======== Collected data ========
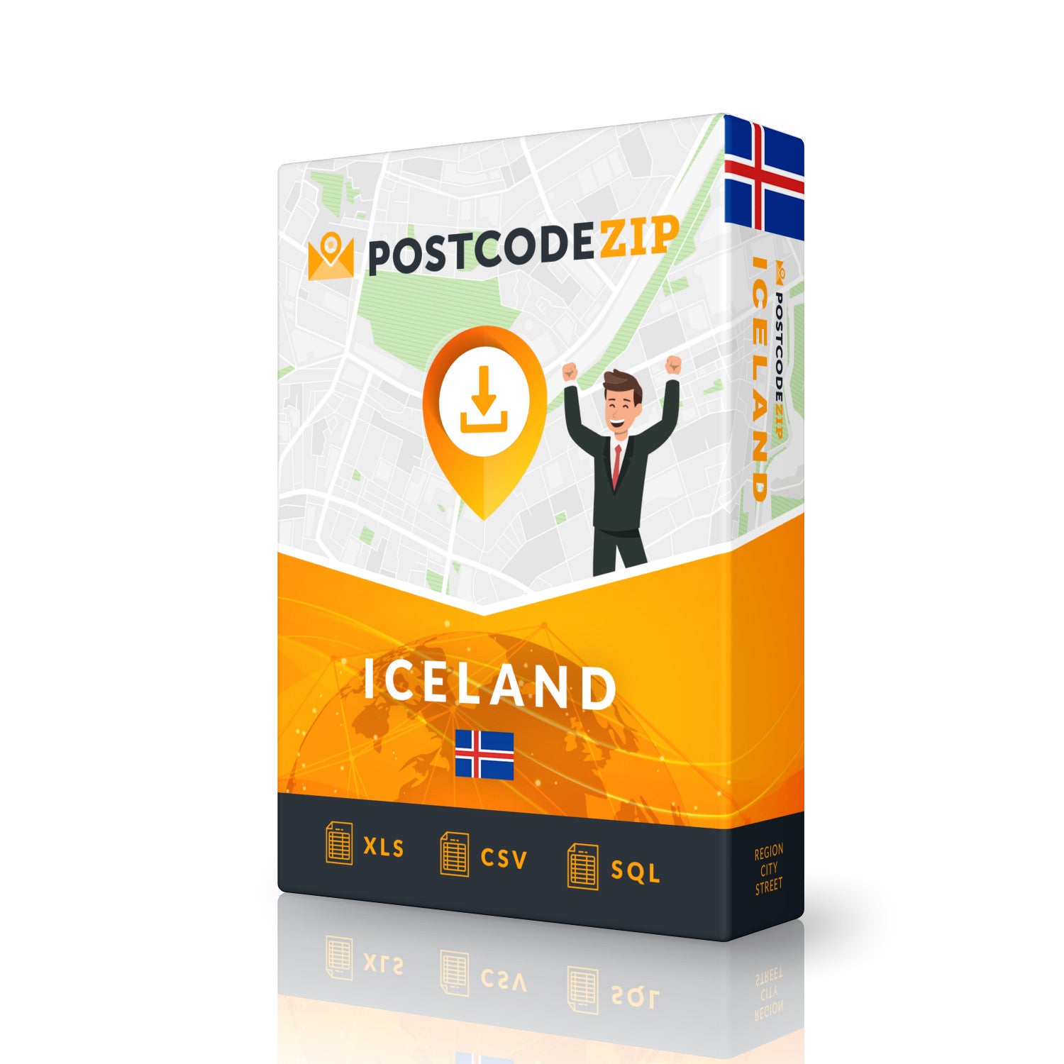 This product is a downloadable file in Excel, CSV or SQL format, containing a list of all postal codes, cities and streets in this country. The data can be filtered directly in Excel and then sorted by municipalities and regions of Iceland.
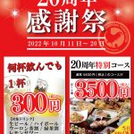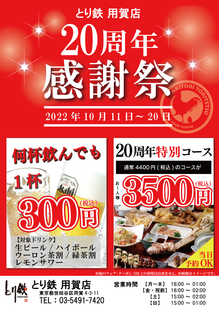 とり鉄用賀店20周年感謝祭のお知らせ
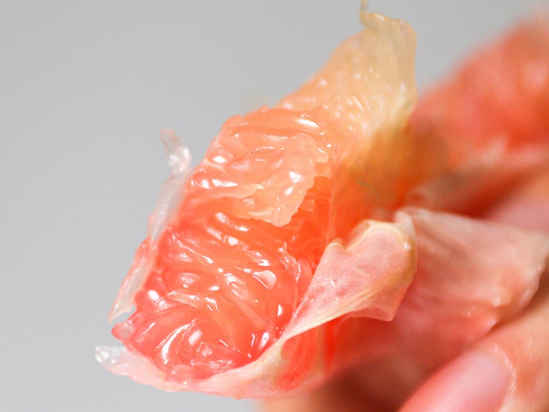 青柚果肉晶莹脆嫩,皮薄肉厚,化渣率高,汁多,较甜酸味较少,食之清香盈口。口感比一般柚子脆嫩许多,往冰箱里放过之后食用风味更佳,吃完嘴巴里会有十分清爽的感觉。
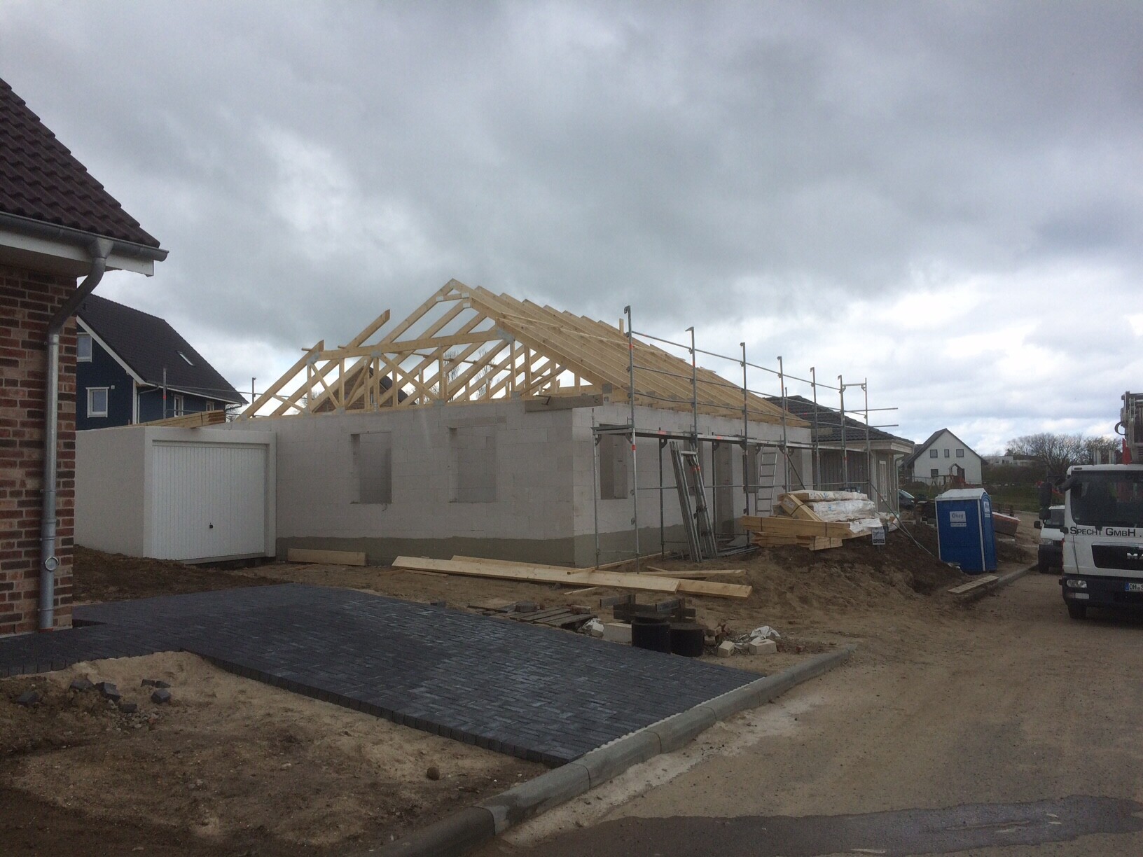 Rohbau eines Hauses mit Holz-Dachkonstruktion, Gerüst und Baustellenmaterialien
========
Brief :: Word for word, repeat the lines of data above, omitting every picture.

Response to the exercise ::
 This product is a downloadable file in Excel, CSV or SQL format, containing a list of all postal codes, cities and streets in this country. The data can be filtered directly in Excel and then sorted by municipalities and regions of Iceland.
 とり鉄用賀店20周年感謝祭のお知らせ
 青柚果肉晶莹脆嫩,皮薄肉厚,化渣率高,汁多,较甜酸味较少,食之清香盈口。口感比一般柚子脆嫩许多,往冰箱里放过之后食用风味更佳,吃完嘴巴里会有十分清爽的感觉。
 Rohbau eines Hauses mit Holz-Dachkonstruktion, Gerüst und Baustellenmaterialien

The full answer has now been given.